Enfin, le droit pénal de droit commun s’applique, qui n’a rien perdu de sa vigueur, notamment les délits d’homicide et de violences involontaires et le délit de mise en danger délibérée de la personne d’autrui. Ce dernier délit, créé par le nouveau code pénal, incrimine le fait d’exposer directement autrui à un risque grave par la violation manifestement délibérée d’une obligation particulière de sécurité ou de prudence imposée par la loi ou le règlement. Il a été utilisé à de nombreuses reprises pour condamner des chefs d’entreprise ayant négligé de respecter les règles techniques concernant la sécurité sur les lieux de travail.

La loi du 10 juillet 2000, censée limiter la responsabilité des élus locaux et, par ricochet, celle des chefs d’entreprise, n’a pas eu l’effet escompté.
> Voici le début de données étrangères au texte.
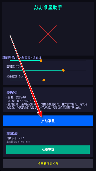 6.返回,再重新进入软件,点击启动准星。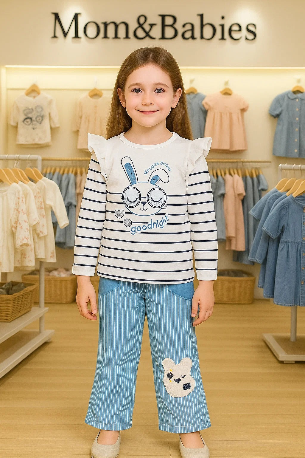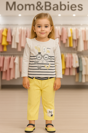 Give your little princess the perfect blend of comfort and cuteness with this 2-piece Baby Girl Outfit Set. The soft cotton full-sleeve top with an adorable bunny print pairs beautifully with the striped trousers featuring a cute patch. Lightweight, breathable, and comfortable for all-day wear

Même si ce dispositif semblait favorable aux dirigeants, souvent en lien indirect avec le dommage, les premières années de jurisprudence confirment que les cas « sécurité du travail » ne bénéficient d’aucune forme d’allègement.

Une volonté politique hésitante

Ainsi, s’il existe bien un début de redéfinition ou de rééquilibrage de la responsabilité du chef d’entreprise, cette évolution est loin d’être achevée. La volonté politique est hésitante, car partagée. Il va falloir trouver les instruments nécessaires pour recentrer la responsabilité du chef d’entreprise sur le plan civil.

A cet égard, la loi du 9 mars 2004 dite Perben II, qui a élargi considérablement la responsabilité pénale des personnes morales, offre peut-être déjà un bon substitut à la responsabilité personnelle du chef d’entreprise. La responsabilité de la société pourrait prendre le relais de la responsabilité trop personnelle du chef d’entreprise. L’objectif final n’est-il pas que le préjudice subi par les victimes soit réparé ?

  1. Maxence Laugier, Bulletin Joly Sociétés, décembre 2003, p. 1231.
  2. Loi n° 2001-420 du 15 mai 2001 relative aux nouvelles régulations économiques loi n° 2003-591 du 2 juillet 2003 habilitant le gouvernement à simplifier le droit loi n° 2003-706 du 1er août 2003 de sécurité financière loi n° 2003-721 du 1er août 2003 pour l’initiative économique.